If you have liked my work (and even if you haven’t), I urge you to provide a review. The review sites for some of my projects are:

  1. Suffusion: http://wordpress.org/support/view/theme-reviews/suffusion/
  2. Photonic: http://wordpress.org/support/view/plugin-reviews/photonic/
  3. FontMeister: http://wordpress.org/support/view/plugin-reviews/fontmeister/

I have been gradually wading through things on the professional front and will hopefully free up some much needed time to code. The responsive version of Suffusion should be out shortly, as will some enhancements to Photonic and FontMeister.

Oct 272012
 

Normally I am quick to announce landmarks such as 300 theme ratings, however in recent weeks I have had very little time to devote to Suffusion development. So here is a belated announcement: Suffusion now has 300 ratings on the WordPress.org website! This is a huge achievement since there is only one theme that has been rated more often than Suffusion, and among all top rated themes, Suffusion’s average rating is the highest. So thanks to all of you who have given the theme a 5-star rating. Since ratings are pretty much my only remuneration apart from the coffee fund, perfect ratings are welcomed with open arms.

Over the past few releases I have been gradually opening up Suffusion for better public collaboration. I started with the FontMeister plugin, which I could have built into Suffusion, then released the shortcodes functionality and I have been adding lots of hooks to the theme.

The latest development in this is the setup of a new mechanism for translations. You can now get your translations from the new translation pool. To download a translation:

  1. Visit the above site.
  2. Look for your translation.
  3. If you find it, open the page for your translation.
  4. At the bottom you will see a link to “Export”. Click on that to get the PO and MO files.

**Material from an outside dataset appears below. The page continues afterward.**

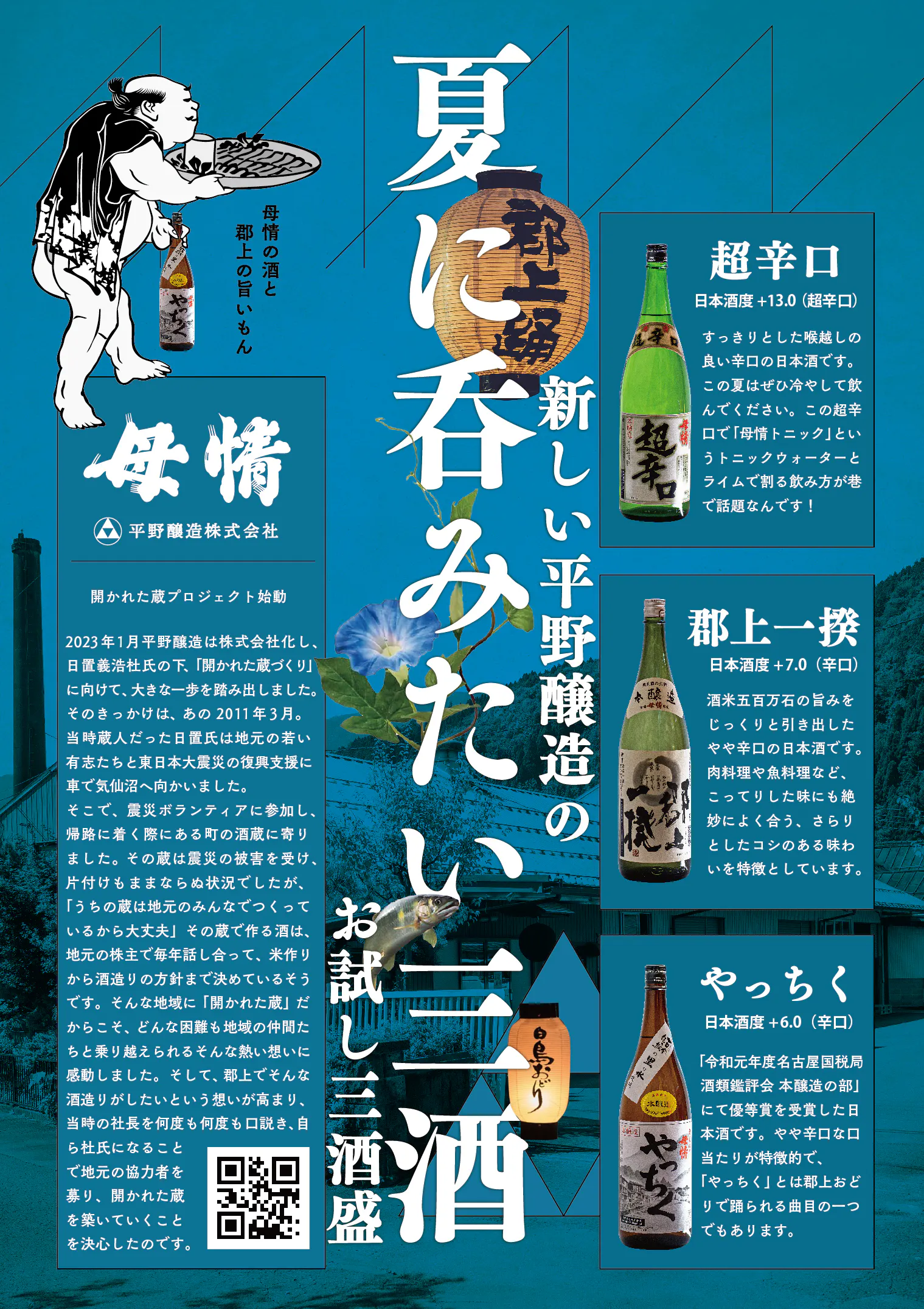 また、これまでの平野醸造の歴史が詰まった建物、道具類を間近に感じていただくことで、さらに母情の日本酒を楽しんでいただくきっかけになれればと思います。

Rename them according to your locale (see the Codex for the file names you need to use) and save them to the translation folder of your child theme.

If you wish to modify / add a translation, register at the Aquoid Community. Then log into the translation pool, open the language you want to edit and put in your changes. Note that if you are not a validator for a language, your changes will not be final until approved. In such a case tweet me (@sayontan), and I will approve the changes.

If you wish for a new language to be added to the list, or if you want to be made a validator for a language tweet me.

The Translations page has been updated with the new instructions.